ABC News’ Brian Ross and Matthew Mosk have a new report citing scientists on the epidemic’s origins, and noting that the strain is “more virulent, more capable of causing severe disease, and more transmissible,” as Harvard’s John Mekalanos describes it. While the report cites UN officials as continuing to deny that MINUSTAH troops were responsible for the outbreak, epidemiologist Renaud Piarroux is quoted as saying there is “no doubt”:

“The scientific debate on the origin of cholera in Haiti existed, but it has been resolved by the accumulation of evidence that unfortunately leave no doubt about the implication of the Nepalese contingent of the UN peacekeeping mission in Haiti.”

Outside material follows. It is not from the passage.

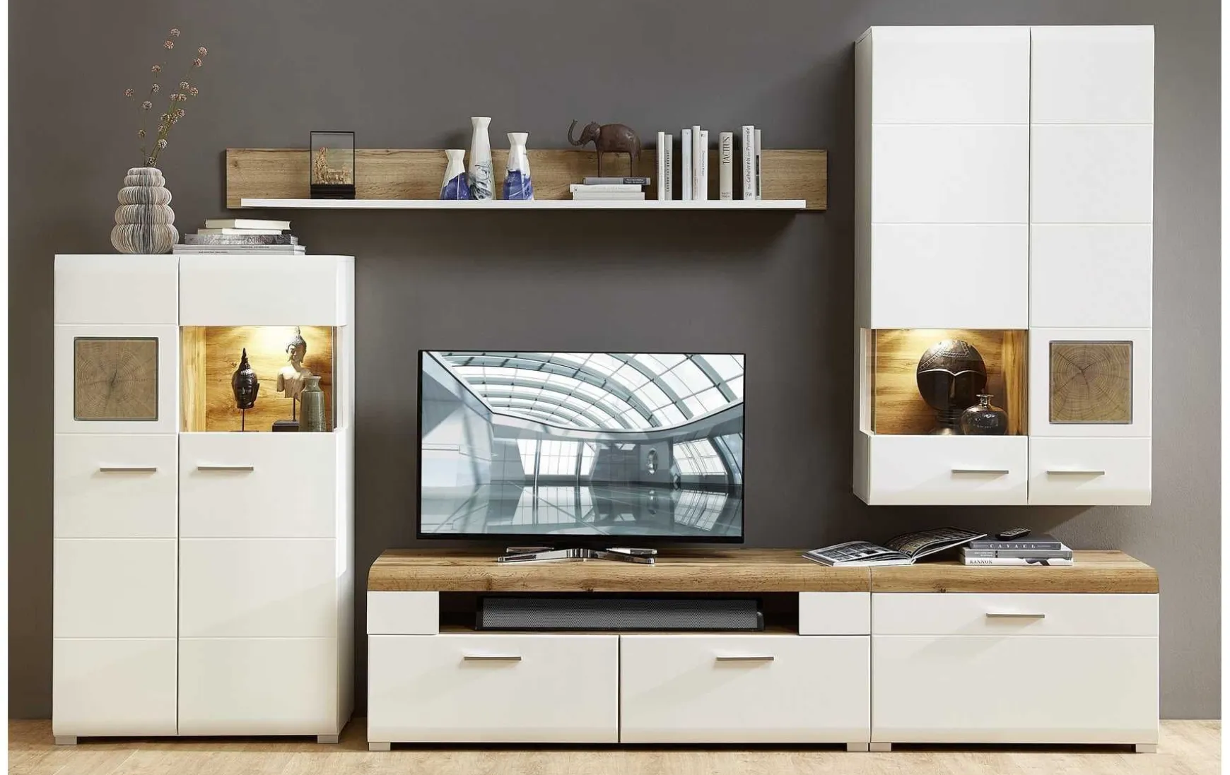 Diese hochwertige Wohnwand der Marke Trend Factory überzeugt mit modernem Konsum-Stil und einer eleganten Kombination aus weiß matt lackierten Fronten und stilvollem Hirnholz-Dekor. Mit einer Breite von ca. 320 cm bietet sie großzügigen Stauraum und klare Strukturen für ein aufgeräumtes Wohnambiente. Insgesamt sorgen vier Türen, zwei Schubladen und 16 offene Fächer für vielseitige Aufbewahrungs- und Präsentationsmöglichkeiten. Die integrierte LED-Beleuchtung setzt dekorative Akzente und unterstreicht die moderne Optik. Chromfarbene Griffe, Soft-Close-Schubkästen sowie Türdämpfung runden den hochwertigen Komfort ab. Passende Beimöbel wie ein Sideboard sind separat erhältlich und ermöglichen eine individuelle Wohnraumgestaltung.

UPI quotes the Pan American Health Organization as calling the cholera epidemic “one of the largest epidemics of the disease in modern history to affect a single country,” and warning of an increase in cases with the onset of the rainy season in the Spring. Despite this, the Chronicle of Philanthropy notes

Medical charities worry that they won’t be able to respond effectively if cholera resurges or if the country experiences another major health crisis.

International Medical Corps now has roughly 40 staff members in Haiti, compared with 700 in June. This month it plans to hand over to the government the last of the cholera treatment centers it has been overseeing.